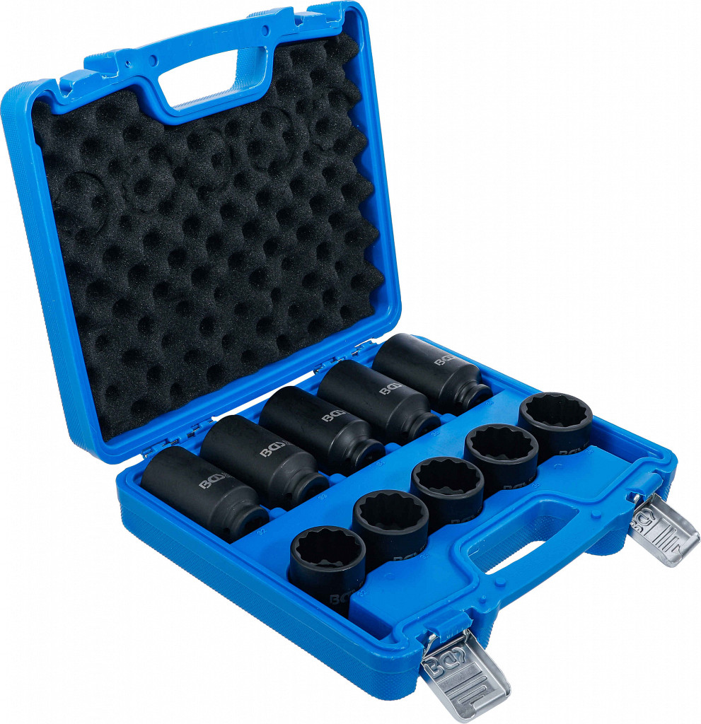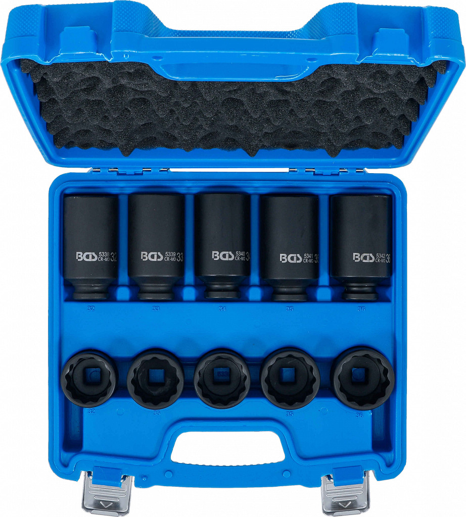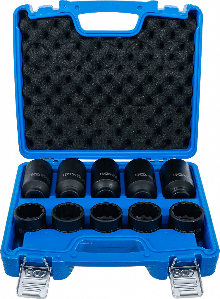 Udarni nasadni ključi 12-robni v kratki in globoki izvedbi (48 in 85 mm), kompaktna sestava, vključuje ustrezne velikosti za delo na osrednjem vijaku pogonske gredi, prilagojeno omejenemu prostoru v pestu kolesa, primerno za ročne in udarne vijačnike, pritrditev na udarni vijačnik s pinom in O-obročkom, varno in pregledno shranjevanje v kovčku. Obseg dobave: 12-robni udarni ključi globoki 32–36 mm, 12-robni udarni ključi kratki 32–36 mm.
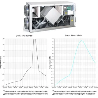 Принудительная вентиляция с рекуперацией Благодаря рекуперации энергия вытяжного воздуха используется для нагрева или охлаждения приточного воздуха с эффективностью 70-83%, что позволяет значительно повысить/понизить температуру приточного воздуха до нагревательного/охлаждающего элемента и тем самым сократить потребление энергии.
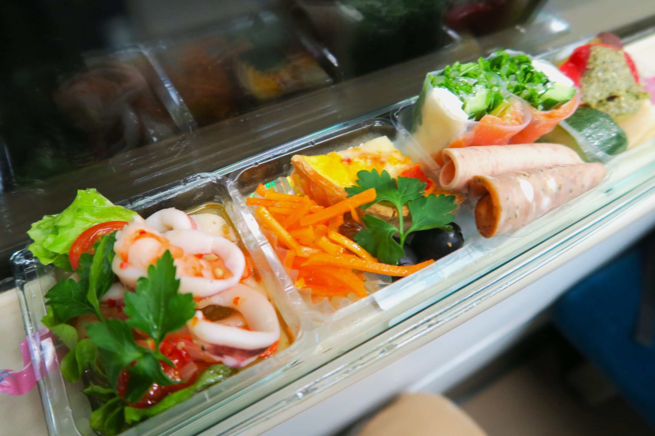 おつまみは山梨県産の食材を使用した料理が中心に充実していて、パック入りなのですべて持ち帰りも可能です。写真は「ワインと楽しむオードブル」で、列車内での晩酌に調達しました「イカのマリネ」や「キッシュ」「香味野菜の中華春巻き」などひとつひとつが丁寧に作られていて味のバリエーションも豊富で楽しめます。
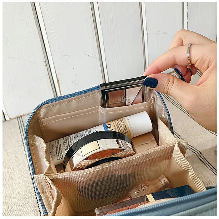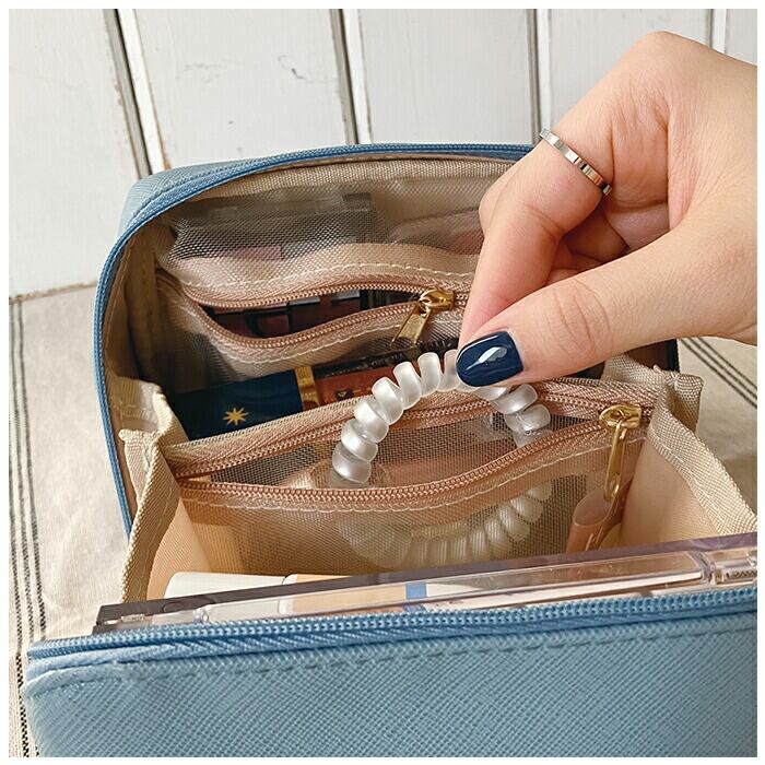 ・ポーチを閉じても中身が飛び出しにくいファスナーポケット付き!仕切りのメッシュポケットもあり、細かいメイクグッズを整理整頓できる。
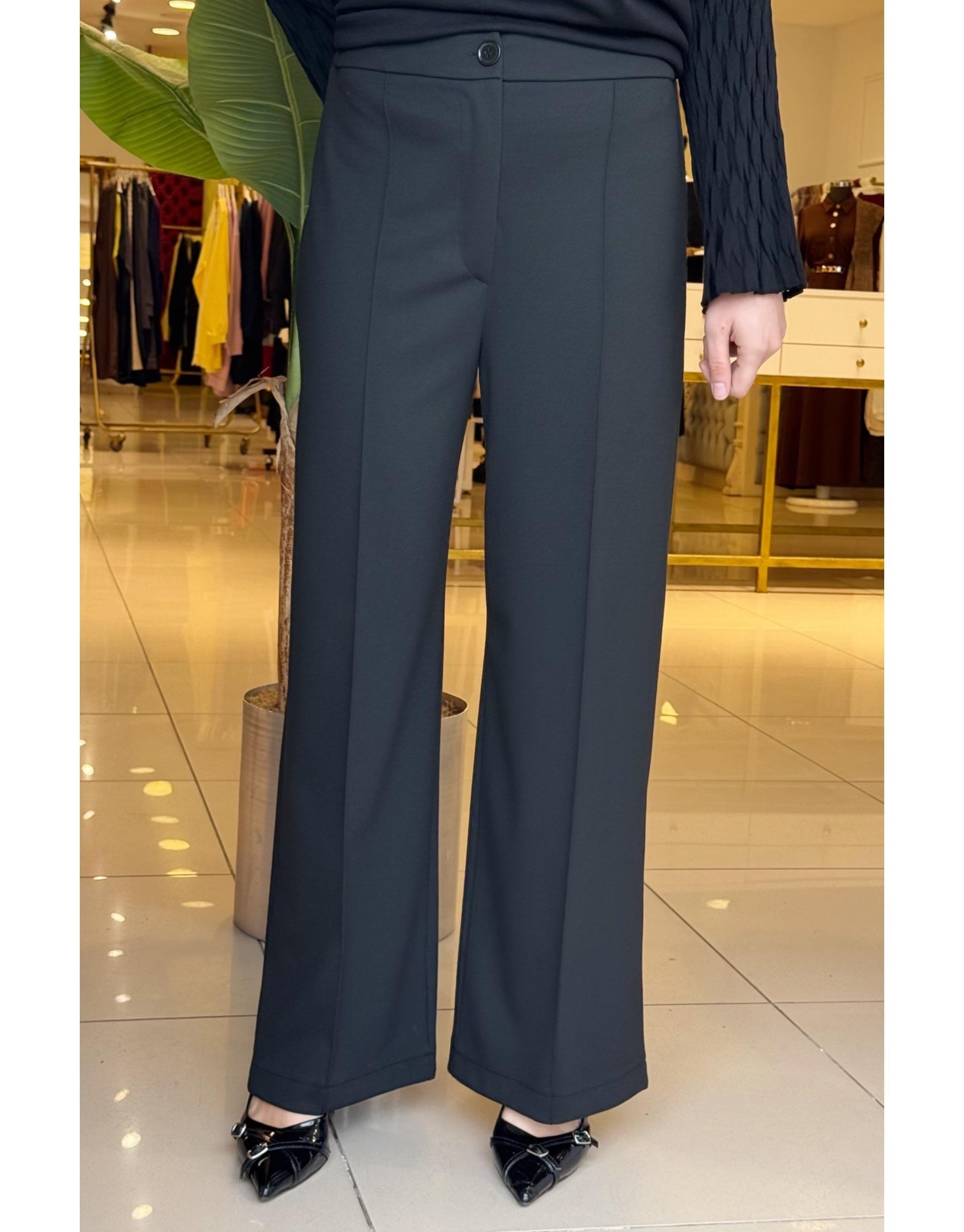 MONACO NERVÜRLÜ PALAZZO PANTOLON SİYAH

## [REQUIRED ACTION]
Take the line that contains "おつまみは山梨県産の食材を使" and every line after it up to the end of the records above, and restate them exactly, without the pictures.

## [EXERCISE SOLUTION]
 おつまみは山梨県産の食材を使用した料理が中心に充実していて、パック入りなのですべて持ち帰りも可能です。写真は「ワインと楽しむオードブル」で、列車内での晩酌に調達しました「イカのマリネ」や「キッシュ」「香味野菜の中華春巻き」などひとつひとつが丁寧に作られていて味のバリエーションも豊富で楽しめます。
 ・ポーチを閉じても中身が飛び出しにくいファスナーポケット付き!仕切りのメッシュポケットもあり、細かいメイクグッズを整理整頓できる。
 MONACO NERVÜRLÜ PALAZZO PANTOLON SİYAH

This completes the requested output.